The Wisdom of the Trail
Sitka Charley had achieved the impossible. Other Indians might
have known as much of the wisdom of the trail as he did; but he
alone knew the white man's wisdom, the honor of the trail, and
the law. But these things had not come to him in a day. The
aboriginal mind is slow to generalize, and many facts, repeated
often, are required to compass an understanding. Sitka Charley,
from boyhood, had been thrown continually with white men, and as
a man he had elected to cast his fortunes with them, expatriating
himself, once and for all, from his own people. Even then,
respecting, almost venerating their power, and pondering over it,
he had yet to divine its secret essence--the honor and the law.
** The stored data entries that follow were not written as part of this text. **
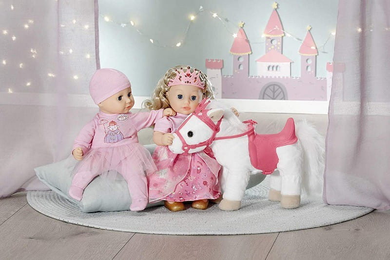 Biały kucyk ma królewski sprzęt z błyszczącą koroną, a jego zabawne, czujne uszy wystają zza niego. Jeśli naciśniesz prawe ucho, kucyk zacznie rżeć lub prychać. Jeśli naciśniesz lewe ucho, usłyszysz stukot kopyt. Mała Annabell jest całkowicie zakochana w swoim zwierzęcym towarzyszu i często całuje kucyka w jego nozdrza. Odpowiada jej odgłosami całowania. Mała księżniczka siedzi wygodnie w siodle podczas jazdy, a uchwyt na lalkę zapewnia jej potrzebną stabilność.
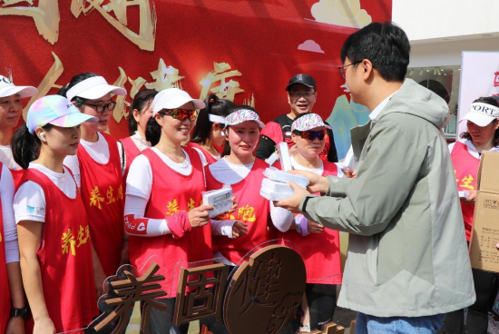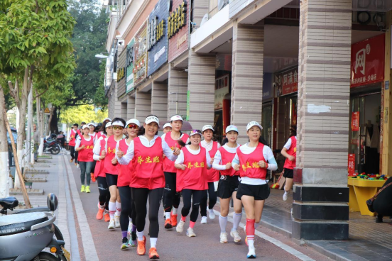 随着活动开始,早已在起点蓄势待发的“养生跑团”鱼贯而出。“养生跑团”由数十名长跑爱好者组成。他们身着统一醒目的红色服装,将绕沙溪而行,途径三家无限极门店,最终回到起点,用行动践行自己的“健康宣言”。
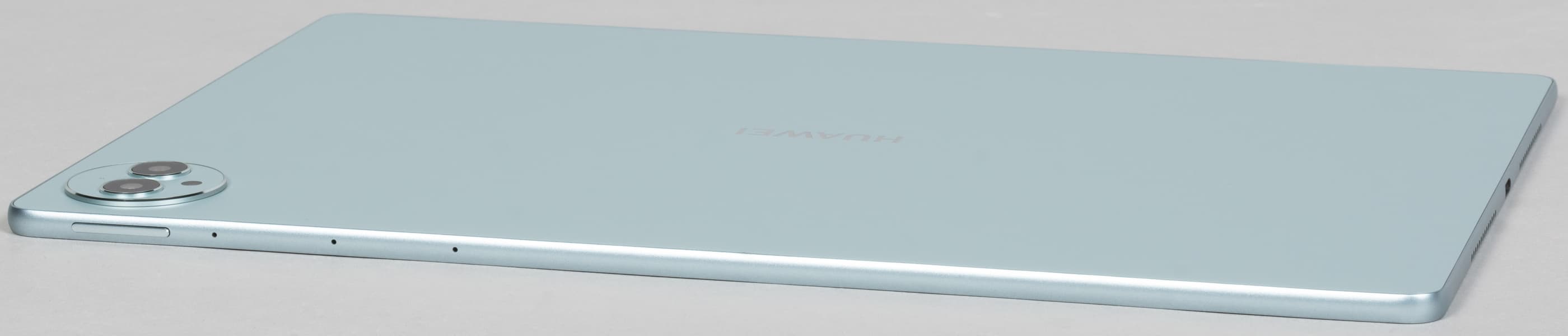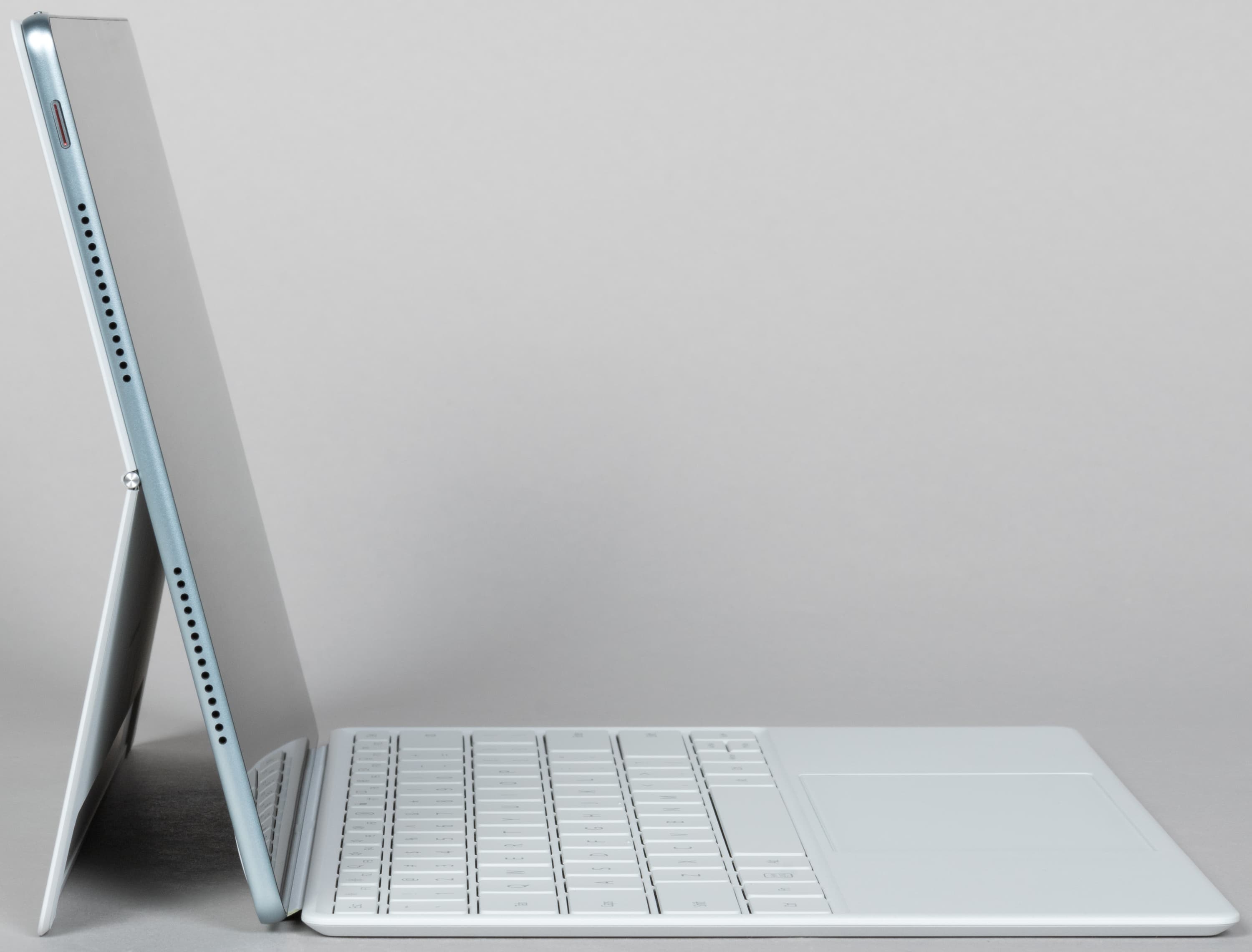 Расположение кнопок, разъемов и прочих элементов традиционно для планшетов Huawei. На верхней грани, рядом с блоком камеры и качелькой регулировки громкости, размещены три отверстия микрофона, что должно обеспечивать хороший прием звука при видеосвязи. Снизу нет вообще ничего, даже коннектора для клавиатуры, так как она крепится иначе (мы продемонстрировали выше, как именно).
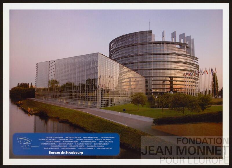 L'affiche présente la photographie du bâtiment du parlement européen à Strasbourg
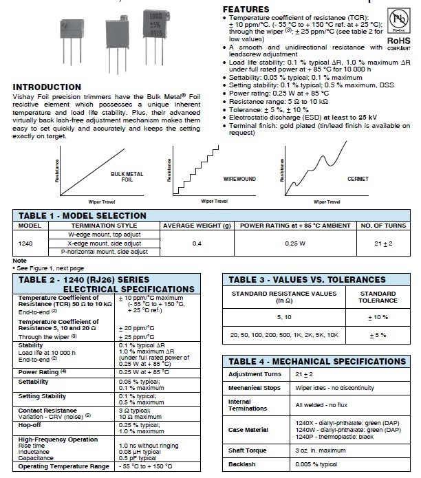 Vishay Foil precision trimmers have the Bulk Metal® Foil resistive element which possesses a unique inherent temperature and load life stability. Plus, their advanced virtually back lash-free adjustment mechanism makes them easy to set quickly and accurately and keeps the setting exactly on target.ZKX廣州南創(chuàng)電子科技有限公司
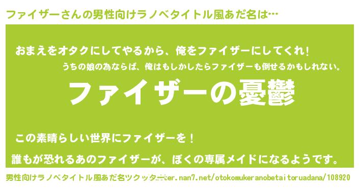 | 女子向けラノベタイトル風あだ名 | 『(仮)ファイザーのやんごとなき事情』 |

And it was only by the cumulative evidence of years that he had
finally come to understand. Being an alien, when he did know, he
knew it better than the white man himself; being an Indian, he
had achieved the impossible.
And of these things had been bred a certain contempt for his own
people--a contempt which he had made it a custom to conceal, but
which now burst forth in a polyglot whirlwind of curses upon the
heads of Kah-Chucte and Gowhee. They cringed before him like a
brace of snarling wolf dogs, too cowardly to spring, too wolfish
to cover their fangs. They were not handsome creatures. Neither
was Sitka Charley. All three were frightful-looking. There was no
flesh to their faces; their cheekbones were massed with hideous
scabs which had cracked and frozen alternately under the intense
frost; while their eyes burned luridly with the light which is
born of desperation and hunger. Men so situated, beyond the pale
of the honor and the law, are not to be trusted. Sitka Charley
knew this; and this was why he had forced them to abandon their
rifles with the rest of the camp outfit ten days before. His
rifle and Captain Eppingwell's were the only ones that remained.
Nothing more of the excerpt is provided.